Ten Air Force and Army air traffic controllers advising their Iraqi counterparts at major installations around Iraq convened here April 28 to discuss airfield plans for the final months before U.S. troops leave Iraq under a Dec. 31, 2011, mandate.
“(The meeting) was an excellent opportunity to see firsthand the results of our advisers’ hard work partnering with the Iraqi air force,” said Lt. Col. Daniel Kaltenbaugh, the Iraq Training and Advisory Mission – Air operations division chief. “They are to be commended on formulating a solid plan for success that we will follow through to the end of this historic chapter in Iraqi air traffic control.”
The air traffic controllers and advisers from here, Taji and Baghdad discussed the Taji airfield transition plan as U.S. forces prepare to turn over control to the Iraqi Army Air Corps controllers in the upcoming months, he said. The team also addressed the impact and specific operational requirements for U.S. air traffic controllers as their work locations shrink throughout the transition.
“The planning for the (air traffic control) program until end of mission was expertly done, and at this point, we are mostly adjusting to situations that arise in execution mode,” said Capt.

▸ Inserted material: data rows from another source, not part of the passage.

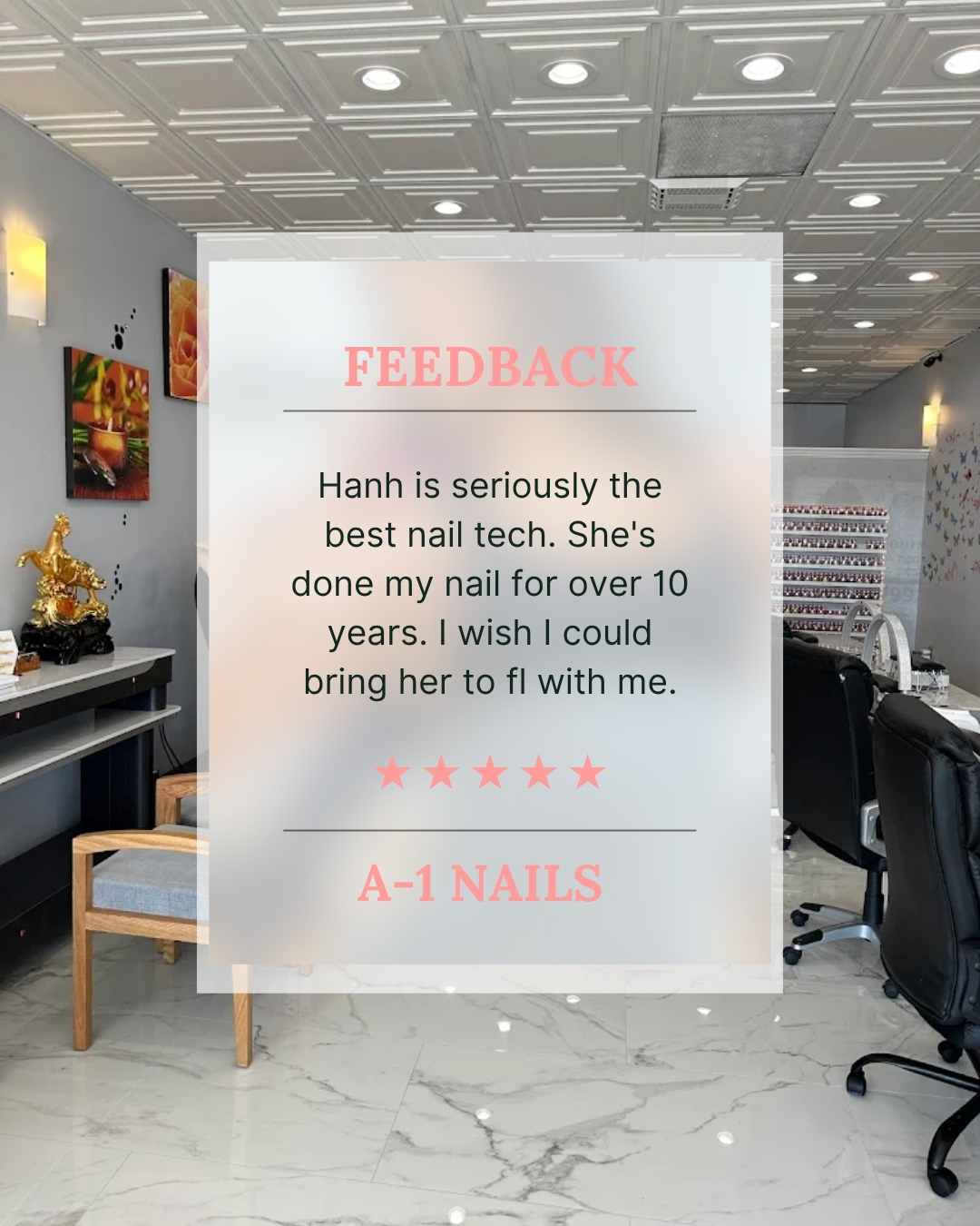 Hanh does a fantastic job on my nails! She takes her time and never rushes through the process. She's done my nails for 8 months and I'll never go anywhere else.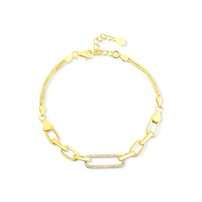 Centralnym punktem bransoletki jest podłużny, owalny element bogato zdobiony błyszczącymi cyrkoniami, które pięknie odbijają światło przy każdym ruchu nadgarstka. Wykonana z pozłacanego srebra próby 925, z dużą dbałością o detale, gwarantuje trwałość i zachwycający blask na lata. To doskonały wybór na prezent dla bliskiej osoby lub jako stylowy akcent własnej kolekcji biżuterii – uniwersalny, a jednocześnie niepowtarzalny.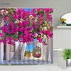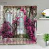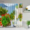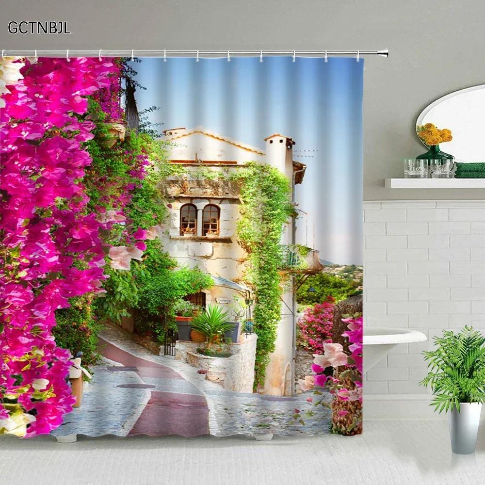 3D Europe Seaside Town Shower Curtain Flower Vine Courtyard Nature Scenery Polyester Fabric Home Decor Hook Bathroom Accessories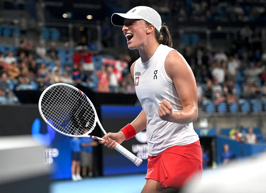 Iga Swiatek settled the tie after an almighty battle with Katie Boulter, prevailing 6-7(4) 6-1 6-4 as last year's runners-up booked a last-four clash with Kazakhstan in the $10 million tournament before the Jan. 12-26 Australian Open.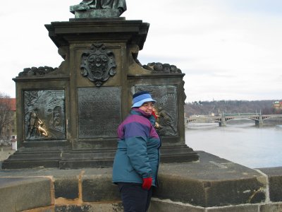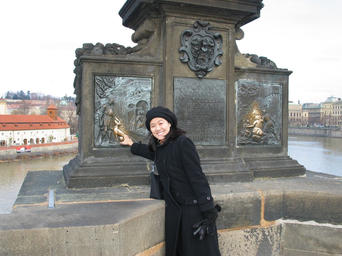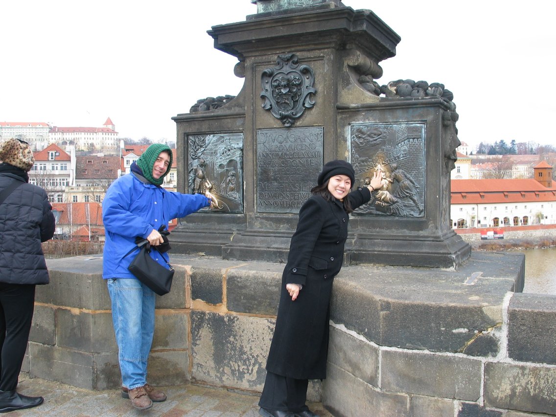 Myrto touches the falling saint at the statue of St. John Nepomuk

Robert Hughes, the senior ITAM-Air air traffic control adviser. “The details of the end of mission are still fluctuating, but I’m looking forward to taking the framework … and adjusting it to fit whatever the final roll-out turns out being.”
Captain Hughes said the group of controllers talked about the equipment, personnel and capabilities their Iraqi partners could provide at the end of mission.

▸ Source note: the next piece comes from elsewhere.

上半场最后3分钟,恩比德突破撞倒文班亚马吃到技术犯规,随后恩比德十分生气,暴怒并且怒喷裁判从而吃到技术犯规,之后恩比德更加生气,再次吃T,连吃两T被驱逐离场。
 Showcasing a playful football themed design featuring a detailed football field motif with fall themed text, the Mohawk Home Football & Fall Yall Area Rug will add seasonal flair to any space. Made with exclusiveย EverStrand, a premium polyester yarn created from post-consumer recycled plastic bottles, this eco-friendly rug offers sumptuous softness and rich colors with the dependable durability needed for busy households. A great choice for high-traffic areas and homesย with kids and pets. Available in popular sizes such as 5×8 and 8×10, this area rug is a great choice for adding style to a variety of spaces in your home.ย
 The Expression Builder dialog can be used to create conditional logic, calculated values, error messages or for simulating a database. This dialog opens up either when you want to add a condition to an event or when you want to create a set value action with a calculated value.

Last month, air traffic control advisers certified three Iraqi air traffic controllers from Taji and Ali airfields, bringing the total number of certified Iraqi air force controllers to 18, he said. In the past year, the Iraqi Civil Aviation Authority has also licensed six Iraqi air force controllers — a first in Iraq air force history.

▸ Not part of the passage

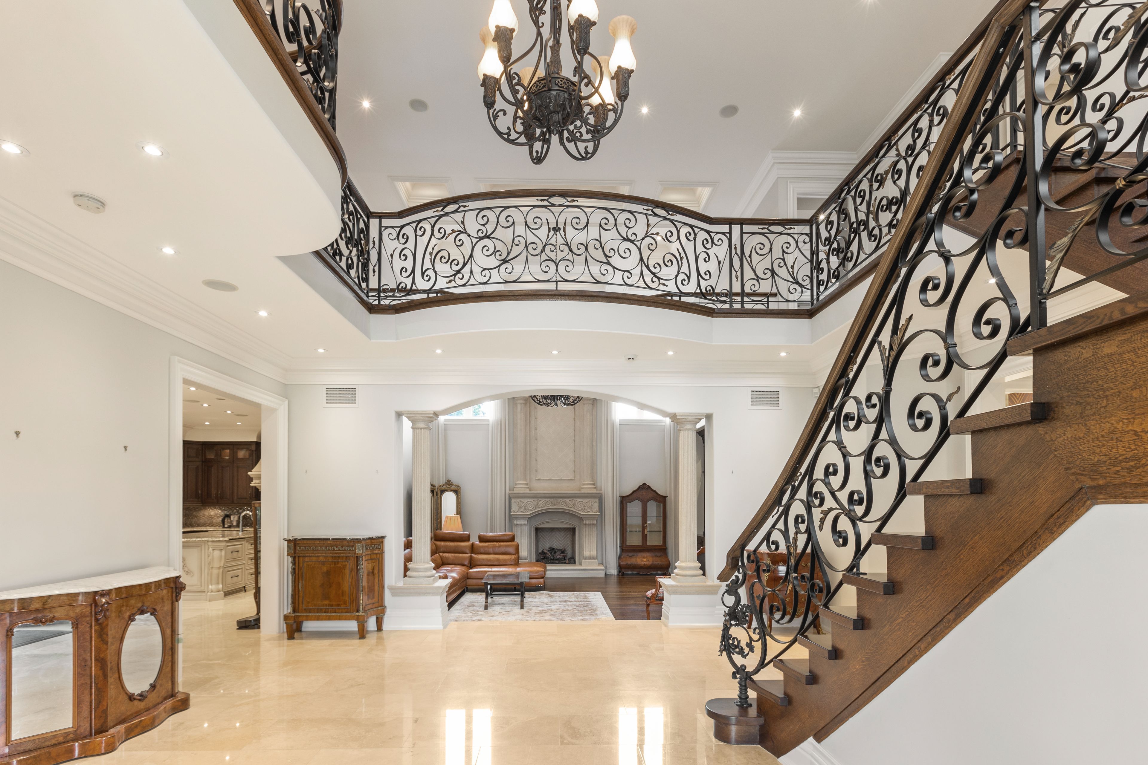 • Grand foyer with soaring ceilings and exceptional craftsmanship.

“I am proud of the accomplishments the entire (air traffic control) training team has made over the past year,” said Capt. Maureen Trujillo, the former senior ITAM-Air air traffic control adviser. “Last May, we had no certified controllers, and today, we have 18. We are well on the way to providing the Iraqi air force and Iraqi Army Aviation Command the foundational air traffic control capabilities they will need in the near future.”
The next milestone on the horizon for Taji air traffic controllers is the grand opening of a new $11 million air traffic control tower.
“During the meeting, we discussed contingencies for moving into the new ATC tower here,” Captain Hughes said. “We hope it will be open before our air traffic controllers leave so we can help our Iraqi partners troubleshoot and get them acclimated to their new workspace.”